National Sports Council of Assam Ground
- Full name: National Sports Council of Assam Ground
- Former names: National Sports Council of Assam Stadium
- Location: Jorhat, Assam
- Owner: National Sports Council of Assam
- Operator: National Sports Council of Assam
- Capacity: 5,000

Construction
- Groundbreaking: 1953
- Opened: 1953

Website
- ESPNcricinfo

= National Sports Council of Assam Ground =

Cricket ground in Jorhat, Assam, India

The National Sports Council of Assam Ground, also known as the National Sports Council of Assam Stadium, is a former first-class cricket ground in Jorhat, Assam.

==First-class matches==
Ten first-class matches were played at the ground between 1953 and 1974, eight of them by Assam in the Ranji Trophy.
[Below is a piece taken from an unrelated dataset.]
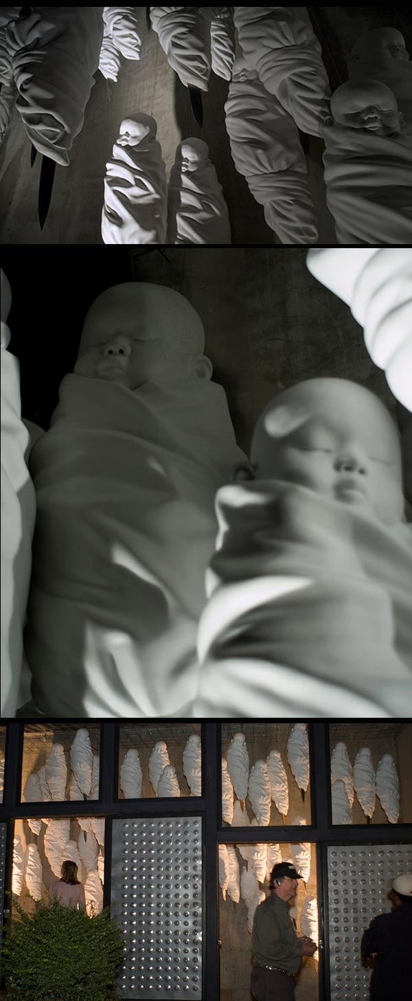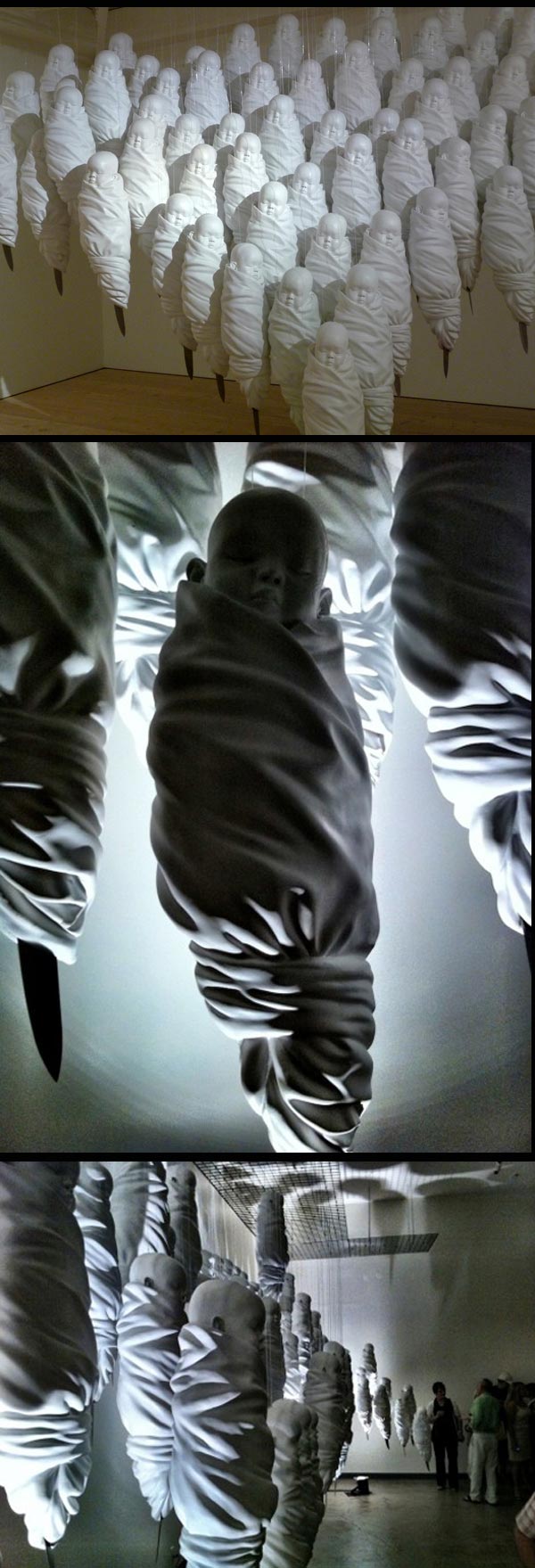 Di bawah ialah instalasi arca yang diberi tajuk Visitasi. 100 patung bayi yang diperbuat daripada resin dan digantung dan ada diantaranya dicacah.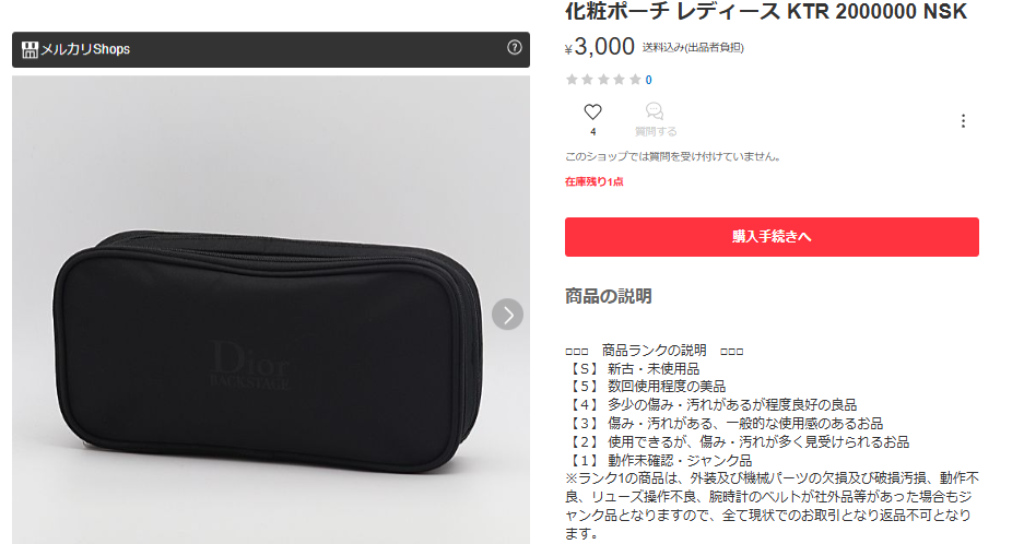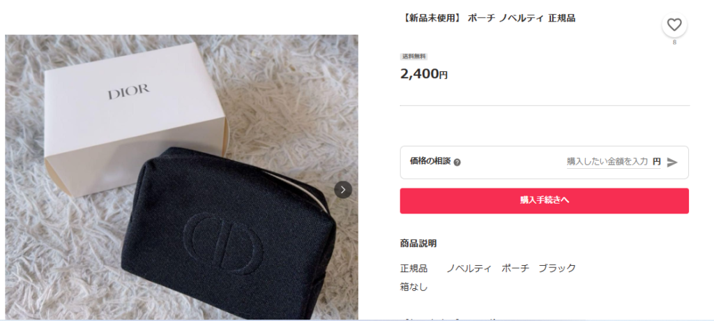 Yahoo!フリマにも、Diorの化粧ポーチが売っていました。

In all ten matches the home team lost. There were many low innings totals and some notable bowling figures.

===1953–54===
- Commonwealth XI 393 for 7 declared defeated Assam Governor's XI 121 and 151.
Paul Gibb made 154, which remained the highest score on the ground. He and Ken Meuleman (79) put on 211 for the first wicket.

===1954–55===
- Bihar 81 and 107 defeated Assam 53 and 89.
S.K. Girdhari took six wickets in each innings for Assam and Bimal Bose took six in each innings for Bihar. Bose's 12 for 47 remained the best match figures on the ground; Girdhari took 12 for 66. Girdhari also top-scored for Assam in each innings, with 14 and 46.

===1956–57===
- Bengal 505 defeated Assam 54 and 245.
Premangsu Chatterjee took 10 for 20 for Bengal in the first innings, which remain the best first-class figures ever taken outside England and Wales. Dattu Phadkar took 7 for 65 in Assam's second innings. For Assam, S.K. Girdhari took 7 for 157, Assam's best figures on the ground, and made 100, Assam's only century on the ground.

===1958–59===
- Bengal 164 and 151 for 6 declared defeated Assam 68 and 60.
In his first first-class match, Jyoti Dutta took 7 for 18 and 3 for 21 for Bengal.
- East Zone 106 and 39 lost to West Indians 162.
For the West Indians, Wes Hall took 7 for 54 in the first innings, Eric Atkinson 6 for 10 in the second.

===1966–67===
- Assam 53 and 148 lost to Bengal 346 for 8 declared.
Jiban Ghosh took 7 for 15 in Assam's first innings. Pankaj Roy made 140 for Bengal.
- Assam 86 and 125 lost to Bihar 261.
Anand Shukla took 5 for 14 and 5 for 36.
- The match scheduled for the ground between Orissa and Assam could not be played as Orissa were unable to get to Jorhat.

===1974–75===
- Orissa 150 and 140 for 7 declared defeated Assam 62 and 111.
- Bihar 155 and 308 defeated Assam 56 and 88.
Anand Shukla took 5 for 15 and 2 for 26, giving him 17 for 91 in two matches on the ground.
- Bengal 350 for 6 declared defeated Assam 35 and 33.
Ambar Roy made 126. Dilip Doshi took 6 for 6 in Assam's first innings; Aloke Bhattacharjee took 7 for 7 in the second innings, for match figures of 12.2–6–11–10. For Assam, Nandan Bezbarua top-scored in each innings with 11 and 8 not out; he carried his bat in the second innings.

===Statistics===
In the eight Ranji Trophy matches, Assam scored 1366 runs for the loss of 159 wickets, at an average of 8.59 runs per wicket. Assam's opponents scored 2718 runs for 106 wickets at an average of 25.64.

==The ground==
Sujit Mukherjee, who was in the Bihar squad in December 1954 but did not play in the match, described the ground:
The cricket ground was a winsomely green oval surrounded by grass banks and large leafy trees. Because of the trees, playing hours were set between nine-thirty and four-thirty, otherwise long shadows overcast the wicket. Until nearly nine in the morning the ground would be shrouded in mist; then it suddenly dispersed and the arena was bathed in sunlight like the stage of an amphitheatre.

==Assam home grounds==
Assam had previously played a Ranji Trophy match in Jorhat in 1949–50 on the Conamara Ground. Since 1974–75 no first-class matches have been held in Jorhat, although a number of other centres in the state have hosted matches from time to time. Most of Assam's games are now staged in the state's largest city, Guwahati.